I say the more the merrier.   But that is just my opinion.


----------



## F1Wild (Jun 15, 2009)

Here's what I posted on the MobileRead.com forum:

A few of us over at Kindle Boards are having a Phoenix meet-up and would like to cordially invite any Kindle users in the area to join us.

*KINDLE MEET-UP - PHOENIX EDITION*

*Day/Date/Time:*
Saturday/August 29, 2009/1pm

*Place:*
The Poisoned Pen 
4014 N Goldwater Blvd. Suite 101
Scottsdale, AZ 85251
(480) 947-2974
www.thepoisonedpen.com

*Events:*
Kindle meet-up
Author meet/greet & book signing (both have books in Kindle format):
-Thomas Greanias
-Timothy Hallinan

If interested please RSVP via PM to me.
Cheers!


----------



## Cowgirl (Nov 1, 2008)

Great idea!


----------



## The Atomic Bookworm (Jul 20, 2009)

"Phoenix Edition". Sweet!!


----------



## F1Wild (Jun 15, 2009)

So far we have 5 attending - 4 from here and 1 from MobileReads.


----------



## geoffthomas (Feb 27, 2009)

Bumpin this 'cause KB meets deserve all the attention they can get.

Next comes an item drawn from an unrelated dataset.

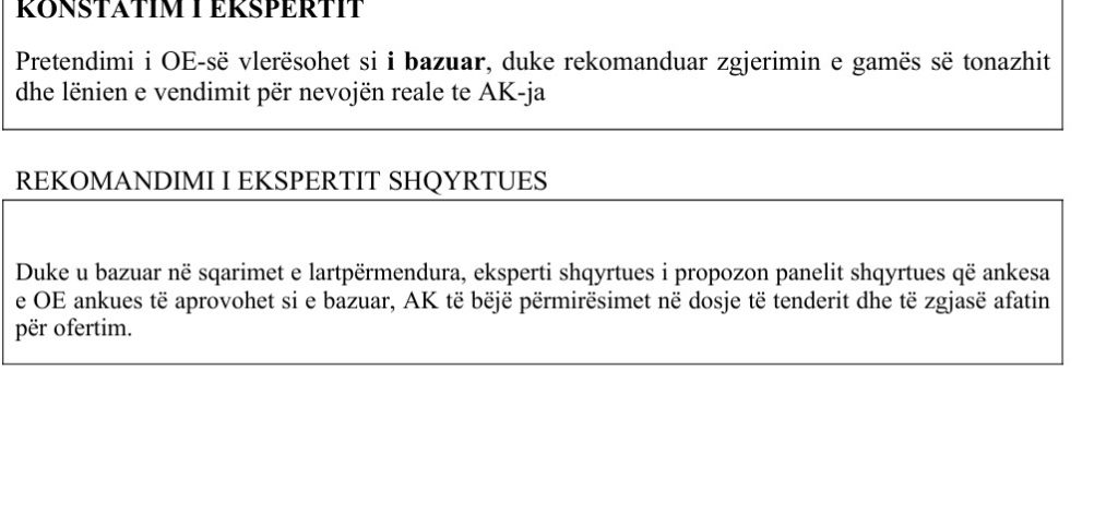 Gjetjet dalin nga Raporti i Ekspertit Shqyrtues Bekim Lushaku, i hartuar pas ankesës së një operatori ekonomik, i cili kishte kundërshtuar kriteret e vendosura nga autoriteti kontraktues, duke i cilësuar ato si joproporcionale, të panevojshme dhe kufizuese për konkurrencën.

Did you guys realize that you will be having your first meet the same time as the NYC group is holding their second meet?

How cool is that, I ask you?

Just sayin......


----------



## Cowgirl (Nov 1, 2008)

Ugh!  I'm still hoping to make it but I have a friend flying in suddenly (she's buying a house here) and I have to take her to get paperwork signed on Saturday morning.  I should make it back in time for the meet up but might be a little late.


----------



## F1Wild (Jun 15, 2009)

Just a reminder of this weekend's meet-up!!

KINDLE MEET-UP – PHOENIX EDITION

Day/Date/Time:
Saturday/August 29, 2009/1pm

Place:
The Poisoned Pen 
4014 N Goldwater Blvd. Suite 101
Scottsdale, AZ 85251
(480) 947-2974
www.thepoisonedpen.com

Events:
Kindle meet-up
Author meet/greet & book signing (both have books in Kindle format):
  -Thomas Greanias
  -Timothy Hallinan


----------



## Dankinia (Jun 20, 2009)

I plan to be there and am looking forward to it.


----------



## Cowgirl (Nov 1, 2008)

I will be there...


----------



## The Atomic Bookworm (Jul 20, 2009)

Ummm... question.... how are we supposed to know who we are?  

Should we just look for whoever has a Kindle out in the open?   (which is fine with me... except for the fact that SOMEONE has to break her/his Kindle out first)


----------



## Cowgirl (Nov 1, 2008)

I think I saw a picture of F1 somewhere so I know what she looks like. I'm not familiar with that book store but I will be carrying my kindle in my Green World Tree Oberon Cover.  Is there a coffee shop inside the store?


----------



## JimC1946 (Aug 6, 2009)

The Atomic Bookworm said:


> Ummm... question.... how are we supposed to know who we are?


At our Atlanta meet, we were all carrying our Kindles and hung around outside the restaurant we were meeting at. It was easy to spot our fellow Kindlers.


----------



## F1Wild (Jun 15, 2009)

The Atomic Bookworm said:


> Ummm... question.... how are we supposed to know who we are?
> 
> Should we just look for whoever has a Kindle out in the open?  (which is fine with me... except for the fact that SOMEONE has to break her/his Kindle out first)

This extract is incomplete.